The Red River Valley Fair Association will pay $10,000 to its former fair manager to settle an ongoing lawsuit, its executive committee agreed Monday night.

The Red River Valley Fair Association will pay $10,000 to its former fair manager to settle an ongoing lawsuit, its executive committee agreed Monday night.

Bruce Olson will receive $10,000 from the association's insurance company in return for both parties agreeing to drop their lawsuits.

Former fair board president Kyle Anderson said the settlement will put an end to the "dark cloud" over the fair.

"I think it's for the best for everyone to move on," Anderson said. "It's time to move on."

In December 2005, Olson sued the fair association and Anderson for breach of contract. Olson, who was fair manager for 15 years, claimed he was illegally fired and asked for at least $100,000 each from the association and Anderson.


The fair association denied the allegations and filed a counterclaim, saying Olson converted at least $292,049 for his personal use and destroyed financial records to hide it.

According to the settlement, the payment to Olson "is not under any circumstances to be construed as an admission of liability" by the fair association or Anderson.

"It is a nuisance settlement. It is to get rid of a bad situation not caused by anything you have done," fair attorney Jonathan Garaas told the executive committee.

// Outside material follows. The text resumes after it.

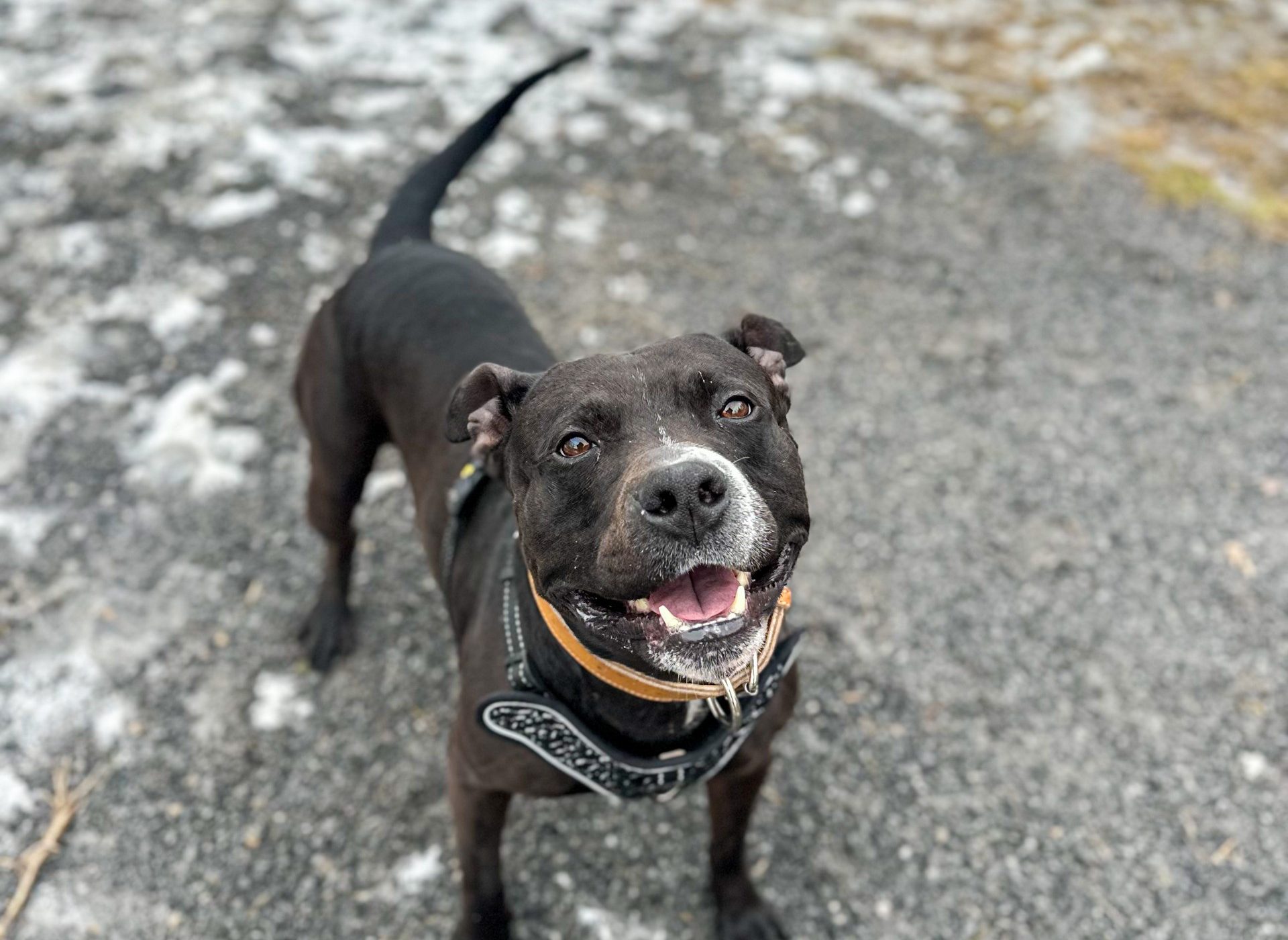 Une belle femelle de 1 an, elle pèse 47 lbs. C’est une chienne craintive à la première approche. Quand elle connait les gens, elle est très affectueuse. Elle fait de la protection de ressources, il faut donc la laisser tranquille. Il ne faut pas d’autre animaux à la maison puisqu’elle est agressif envers eu. De plus, il ne faut pas de jeune enfant dans la famille.

Seven members of the nine-member committee unanimously agreed to accept the settlement.

Members Robyn Sorum and Diane Lehmann were not at the meeting.

In a statement released Monday night, Olson said he always acted with the association's best interest in mind and worked hard to ensure its success. He maintains he did not take money from the fair association.

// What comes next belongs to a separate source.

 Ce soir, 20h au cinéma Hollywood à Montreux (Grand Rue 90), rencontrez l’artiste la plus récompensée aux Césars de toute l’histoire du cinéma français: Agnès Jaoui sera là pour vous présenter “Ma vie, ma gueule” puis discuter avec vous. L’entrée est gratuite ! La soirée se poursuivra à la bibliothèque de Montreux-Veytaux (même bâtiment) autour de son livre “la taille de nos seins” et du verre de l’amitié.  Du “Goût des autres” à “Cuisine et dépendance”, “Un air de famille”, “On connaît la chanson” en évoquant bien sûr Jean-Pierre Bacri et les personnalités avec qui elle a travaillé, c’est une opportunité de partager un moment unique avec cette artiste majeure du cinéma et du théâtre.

"I have been told that the Red River Valley Fair Association does not have insurance that would cover the judgment I could have obtained if I chose to continue to pursue the claims I asserted. Accordingly, I chose to settle the lawsuit in exchange for $10,000 to resolve the matter for the parties," Olson said.

About two weeks ago, Olson's attorney suggested a mediation session, Garaas said. Olson's side wanted $100,000 to settle, and the fair association's side didn't want to pay anything, Garaas said.


"I was probably the most generous. I offered $1,000 of my own money to put this thing to rest," he said.

After further discussion among attorneys, $10,000 was decided. The fair association's insurance company said it would pay the money to reach a settlement.

"It is not responsible to spend more money when you can resolve this matter for $10,000," Garaas told the committee. "It's not going to be conducive to good governance on your part to have a constant festering sore that just gets picked at and picked at and picked at."

Olson has 14 days to read the settlement before he has to sign it. He then has seven days after he signs it to change his mind.

Garaas told board members they could have gone into executive session to discuss the settlement, but would have had to discuss it publicly afterwards anyway.

"We have tried to comply with open records (law) in every sense of the term for the last two years, no matter what anybody else may think," Garaas said.

The association's insurance company will pay the legal costs associated with the lawsuit, which Garaas estimates to be about $100,000.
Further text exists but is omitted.